Nothing but the lines below from the one that contains "Bicicleta de carretera" through the one that contains "广纸314地块在2025年9" should be retyped, exactly and including both ends. Do not include pictures.

[Data extracted from a collection]
%%
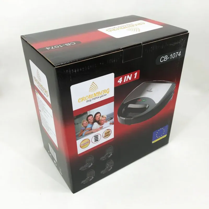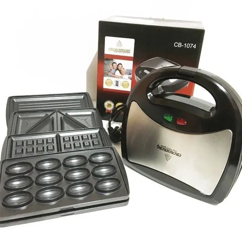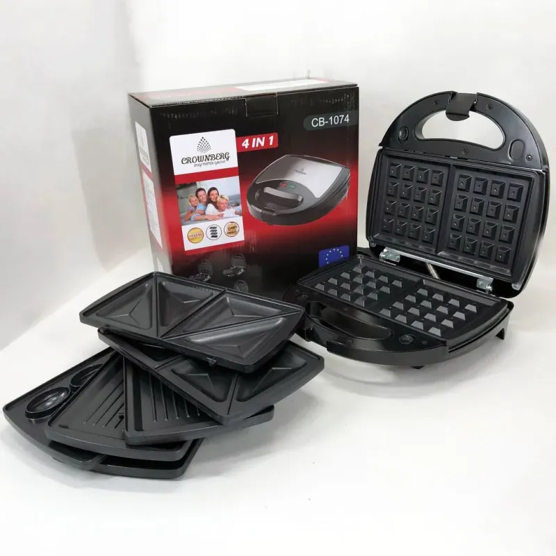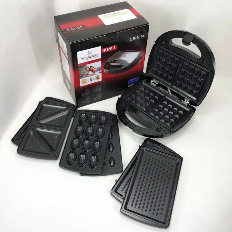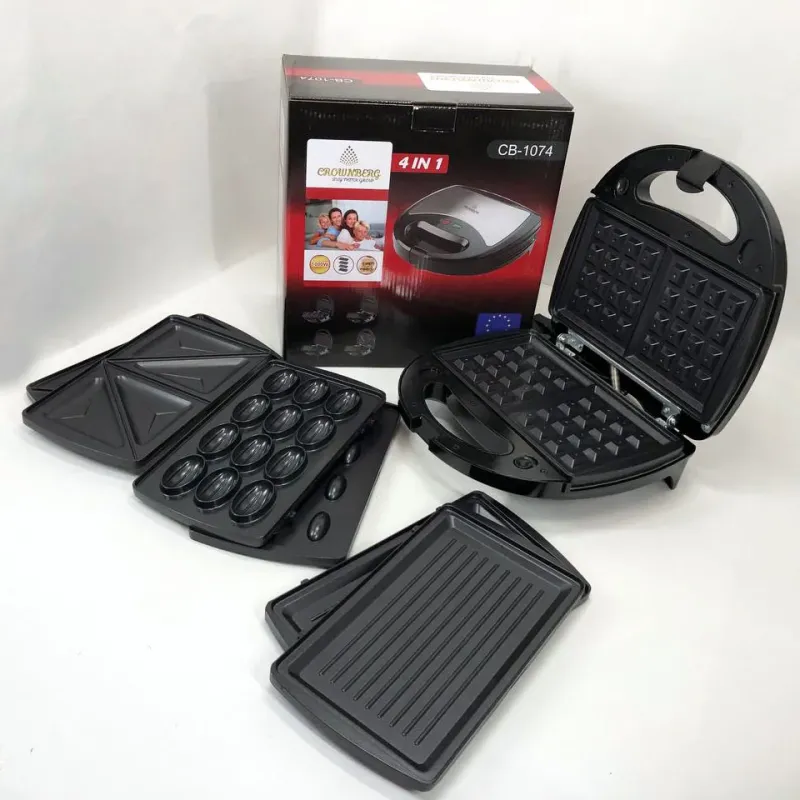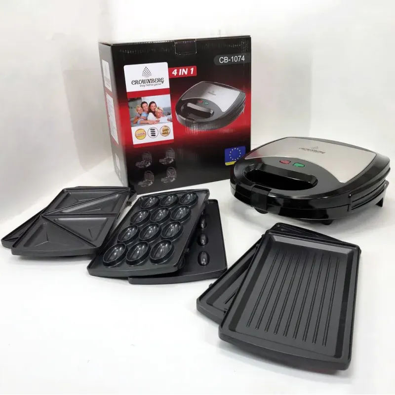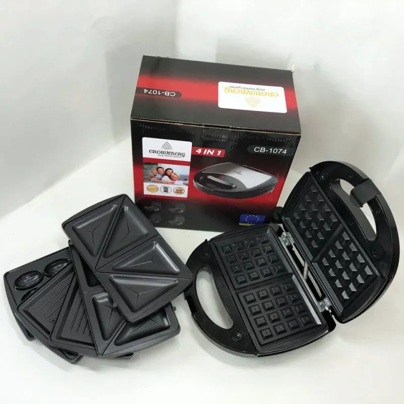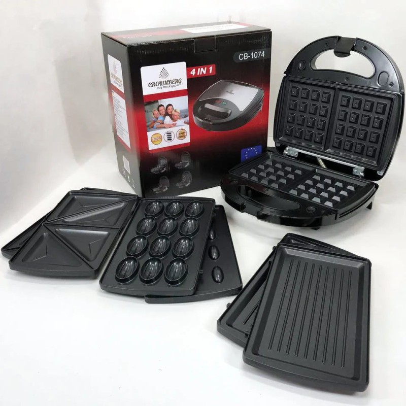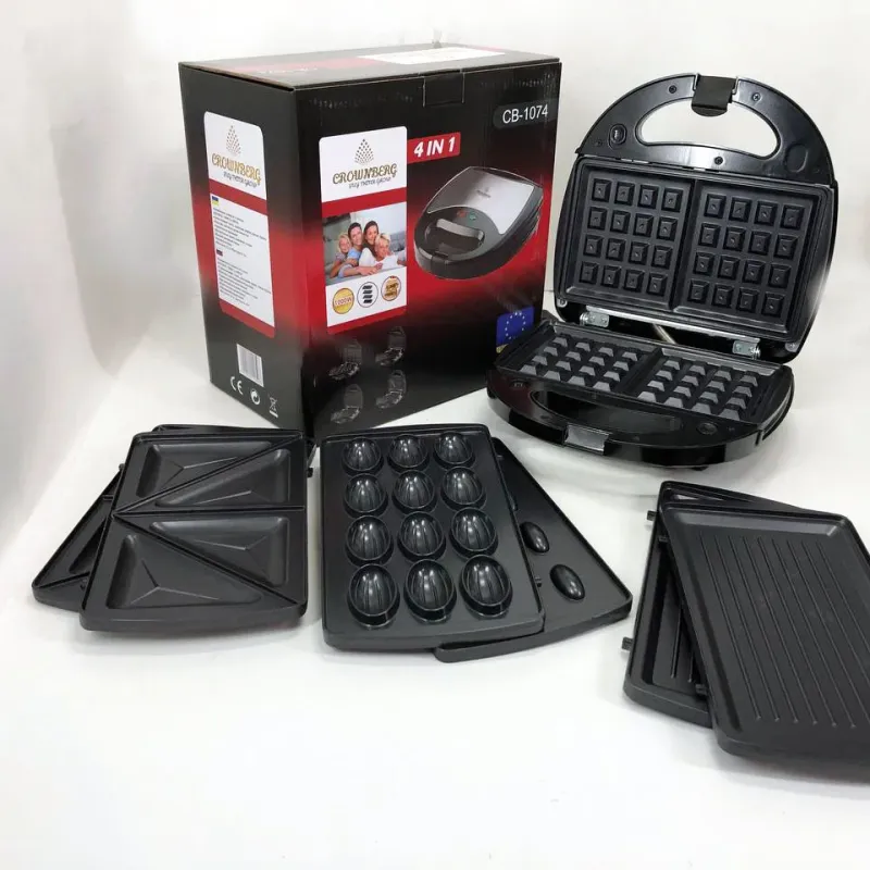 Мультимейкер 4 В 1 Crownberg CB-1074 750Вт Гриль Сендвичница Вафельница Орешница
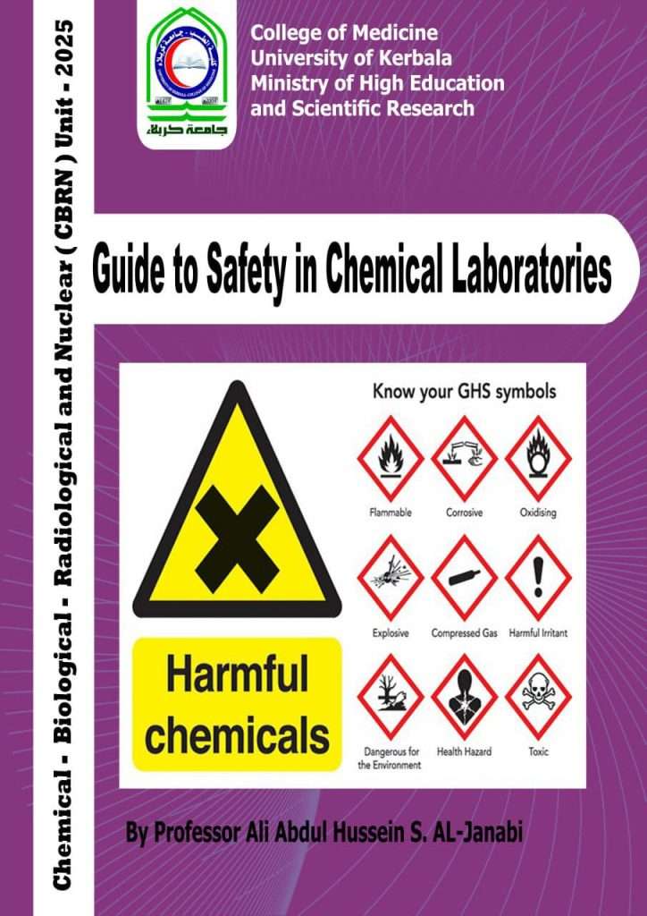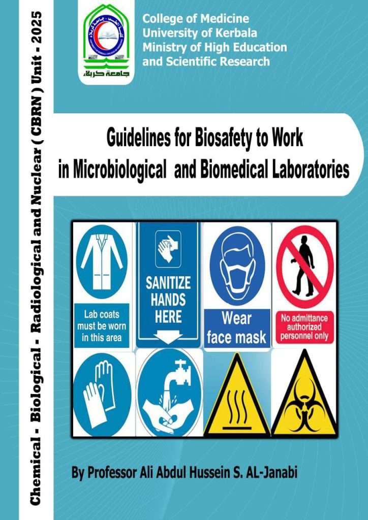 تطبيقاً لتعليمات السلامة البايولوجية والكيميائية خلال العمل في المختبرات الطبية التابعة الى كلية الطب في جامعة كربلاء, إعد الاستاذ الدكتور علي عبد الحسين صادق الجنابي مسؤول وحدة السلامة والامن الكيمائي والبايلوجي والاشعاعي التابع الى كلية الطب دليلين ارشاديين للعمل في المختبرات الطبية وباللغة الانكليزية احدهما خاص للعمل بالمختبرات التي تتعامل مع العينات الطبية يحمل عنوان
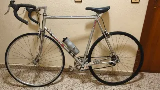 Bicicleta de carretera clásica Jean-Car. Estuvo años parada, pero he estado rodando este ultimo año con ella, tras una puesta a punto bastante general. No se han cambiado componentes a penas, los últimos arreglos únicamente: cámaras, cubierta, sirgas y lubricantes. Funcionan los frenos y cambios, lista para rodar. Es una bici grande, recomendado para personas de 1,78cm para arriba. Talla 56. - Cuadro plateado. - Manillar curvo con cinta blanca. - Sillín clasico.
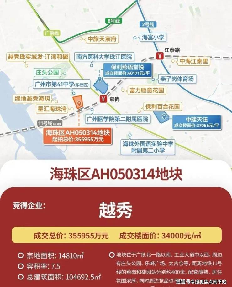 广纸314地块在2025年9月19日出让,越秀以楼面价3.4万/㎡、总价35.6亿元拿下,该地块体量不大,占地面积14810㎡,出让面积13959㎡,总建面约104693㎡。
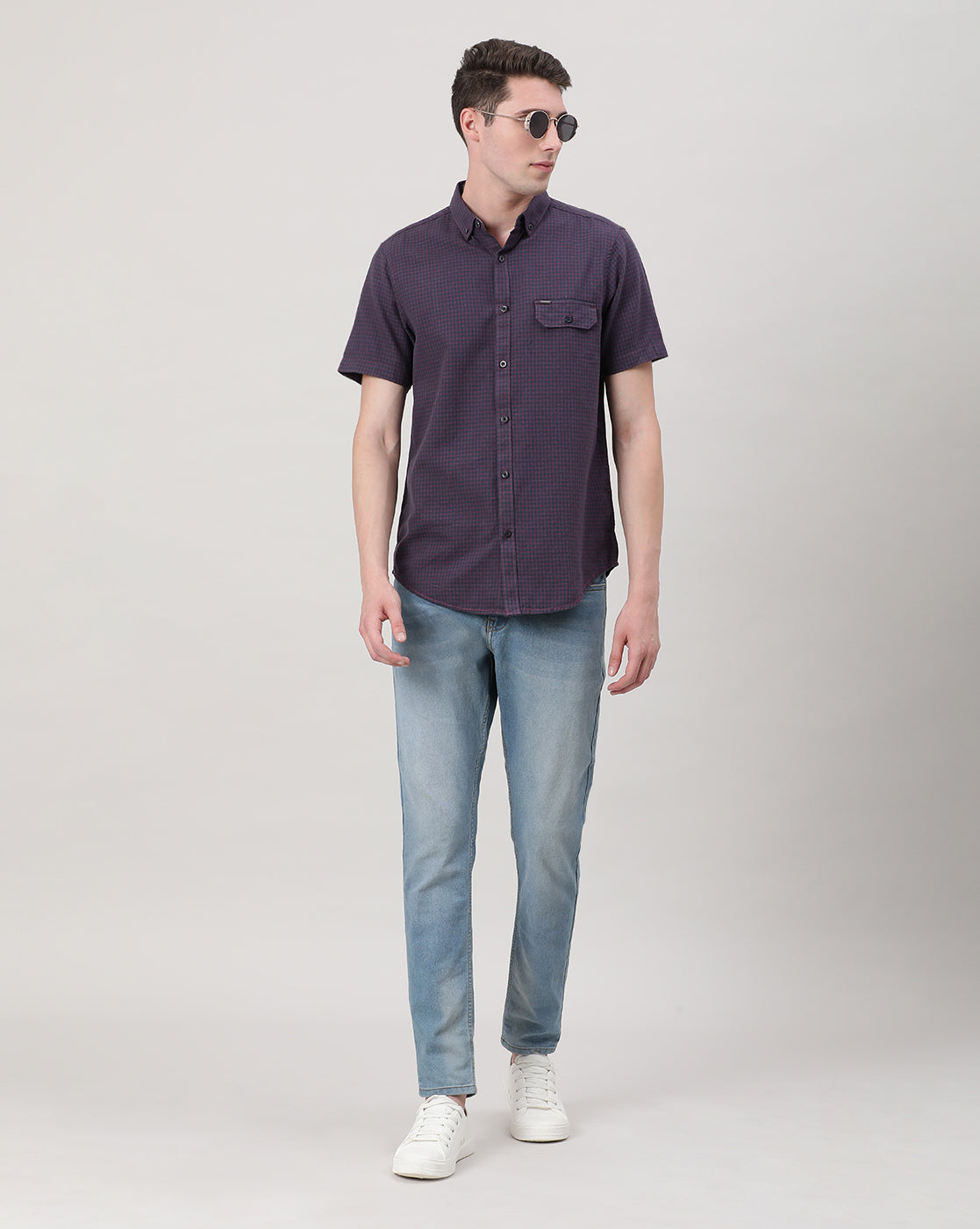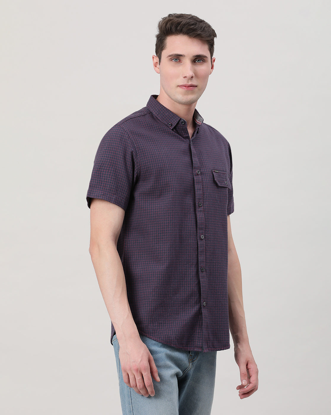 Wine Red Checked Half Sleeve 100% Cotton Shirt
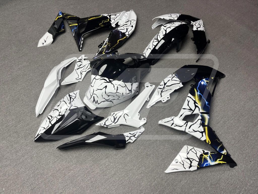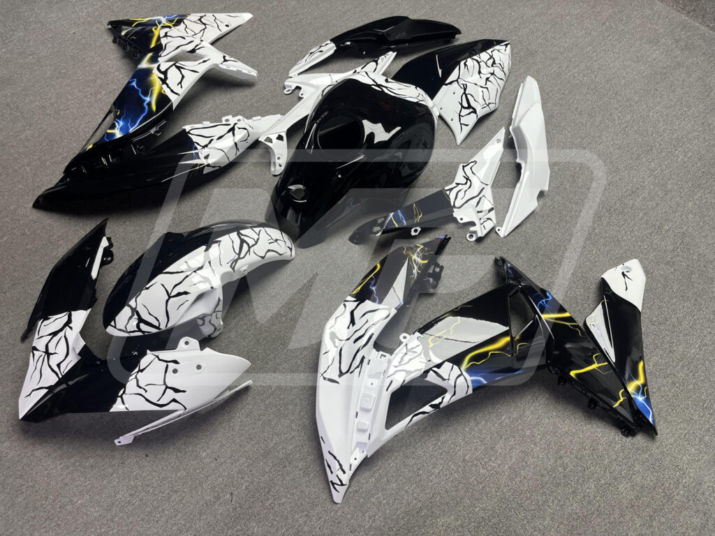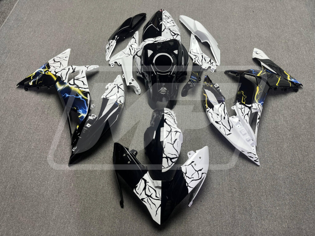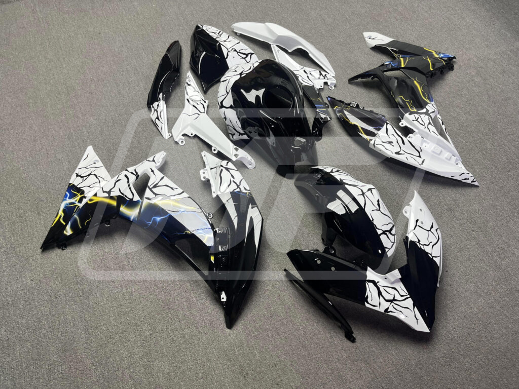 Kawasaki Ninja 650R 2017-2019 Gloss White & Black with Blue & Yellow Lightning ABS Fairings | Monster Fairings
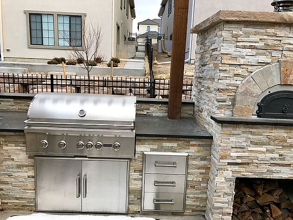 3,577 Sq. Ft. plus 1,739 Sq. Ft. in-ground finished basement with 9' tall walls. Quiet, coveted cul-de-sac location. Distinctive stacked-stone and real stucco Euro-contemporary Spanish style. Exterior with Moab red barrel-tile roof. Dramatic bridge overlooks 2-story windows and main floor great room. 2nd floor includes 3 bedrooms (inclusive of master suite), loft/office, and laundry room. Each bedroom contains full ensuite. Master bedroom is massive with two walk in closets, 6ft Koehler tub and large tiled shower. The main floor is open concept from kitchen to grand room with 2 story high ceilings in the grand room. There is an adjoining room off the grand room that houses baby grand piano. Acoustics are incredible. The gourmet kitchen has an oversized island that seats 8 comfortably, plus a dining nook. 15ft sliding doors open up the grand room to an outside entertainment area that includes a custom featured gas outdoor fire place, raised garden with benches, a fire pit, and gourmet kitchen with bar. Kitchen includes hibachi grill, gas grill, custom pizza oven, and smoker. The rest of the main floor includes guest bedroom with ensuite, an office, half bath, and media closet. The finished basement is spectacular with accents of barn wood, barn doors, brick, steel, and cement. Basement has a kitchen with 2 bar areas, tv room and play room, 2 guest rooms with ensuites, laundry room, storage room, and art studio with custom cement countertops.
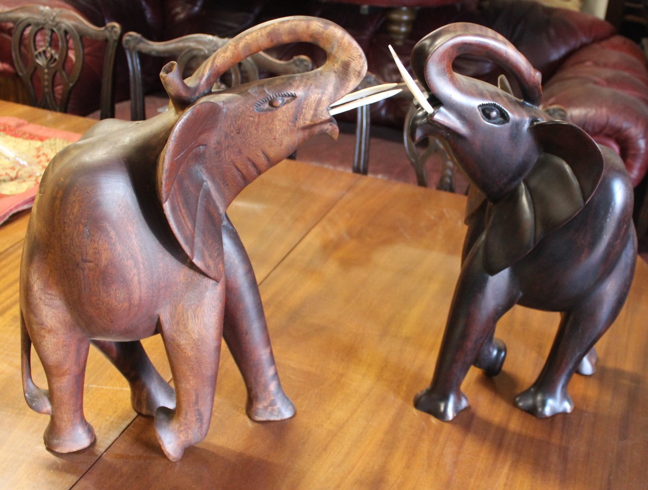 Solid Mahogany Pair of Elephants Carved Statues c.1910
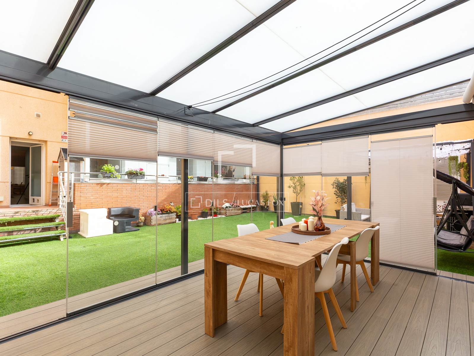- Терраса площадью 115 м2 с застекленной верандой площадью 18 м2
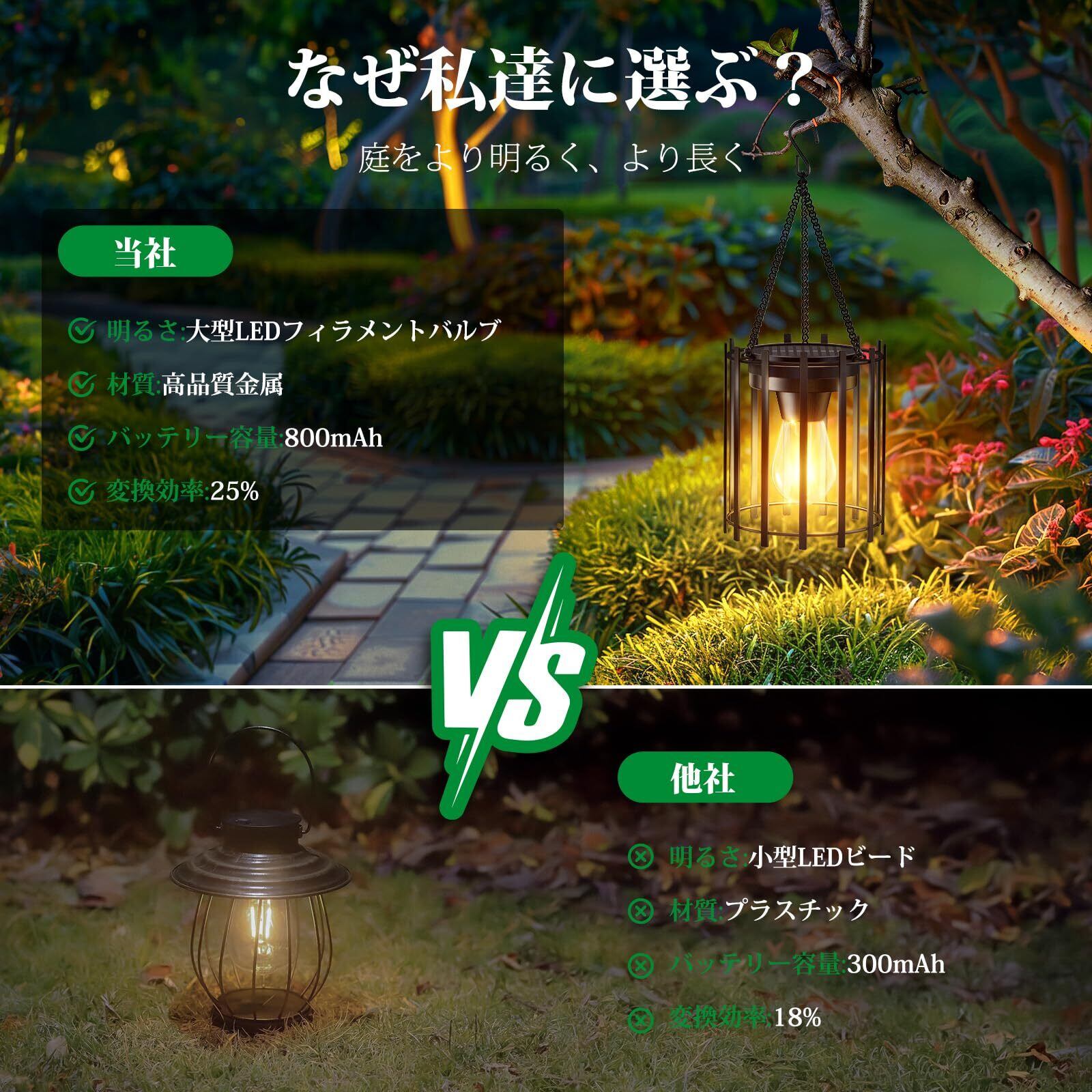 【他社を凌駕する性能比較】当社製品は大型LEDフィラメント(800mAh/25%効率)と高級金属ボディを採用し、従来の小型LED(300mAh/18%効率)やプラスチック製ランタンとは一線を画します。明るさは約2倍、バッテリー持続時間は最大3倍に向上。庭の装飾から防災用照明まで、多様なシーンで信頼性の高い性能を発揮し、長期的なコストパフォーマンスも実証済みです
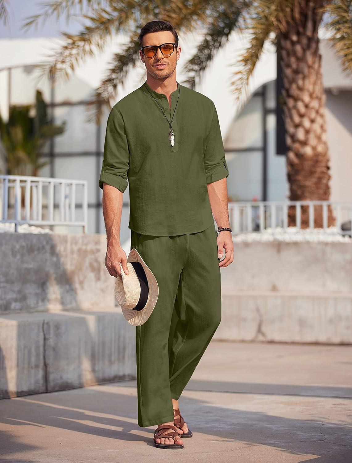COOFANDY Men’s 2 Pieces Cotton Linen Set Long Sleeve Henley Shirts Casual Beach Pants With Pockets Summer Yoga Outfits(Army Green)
%%
Answer space:
 Bicicleta de carretera clásica Jean-Car. Estuvo años parada, pero he estado rodando este ultimo año con ella, tras una puesta a punto bastante general. No se han cambiado componentes a penas, los últimos arreglos únicamente: cámaras, cubierta, sirgas y lubricantes. Funcionan los frenos y cambios, lista para rodar. Es una bici grande, recomendado para personas de 1,78cm para arriba. Talla 56. - Cuadro plateado. - Manillar curvo con cinta blanca. - Sillín clasico.
 广纸314地块在2025年9月19日出让,越秀以楼面价3.4万/㎡、总价35.6亿元拿下,该地块体量不大,占地面积14810㎡,出让面积13959㎡,总建面约104693㎡。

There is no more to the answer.